Wallace insists Campbell will be every bit as Christian and Baptist in the new relationship with North Carolina Baptists as in the old, because there remains, "a deep love and respect for the churches of North Carolina; an openness to use our resources, and whatever expertise we might have to help those churches fulfill their mission."

"We will reach out to those churches, to recruit students, to meet and be present at sacred assemblies such as the Baptist State Convention and to affirm the work of the Convention in the good things that it does," he said. "In other words we will do the same things we've been doing for 120 years. Why would Campbell want or need to change?"

Wallace said he hopes North Carolina Baptists will continue to affirm Campbell "and love it."

Happy youth

Wallace met Betty, his wife since 1956, in health class at East Carolina. He normally sat near the back, but moved closer to a pretty girl near the front. Unfortunately, the professor caught him unprepared one day with no book.

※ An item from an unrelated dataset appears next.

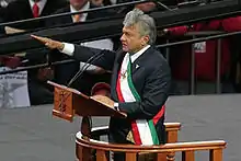Often described as a center-left, progressive, left-wing populist, social democratic, and economic nationalist,[8] López Obrador has been a national politician for over three decades.[9] During his presidency, he has promoted public investment in sectors that had been liberalized under previous administrations and has implemented a number of progressive social reforms. Supporters have praised him for promoting institutional renewal after decades of high inequality and corruption, and refocusing the country's neoliberal consensus towards improving the state of the working class.[10] Critics have claimed that he and his administration stumbled in their response to the COVID-19 pandemic and attempts to deal with drug cartels.[11]

As he squirmed, someone whispered, "take my book."

"I turned around, took a look and said, 'Where in the world did you come from?'" Their first date was the ECU and N.C. State freshmen football game.

They have three children, Betty Lynne, McLain, and Kelly.

His own sibling group included two "wonderful" older brothers, among whom "never a lick was thrown," he said.

Still an avid football fan, he names Campbell as his favorite team. He likes to walk the golf course in early morning, but his primary sports equipment beyond that is a remote control.

Architect of a magnificent funeral service for Wiggins in August, Wallace said he simply hopes it can be said of him at his own funeral, "He was faithful to his calling."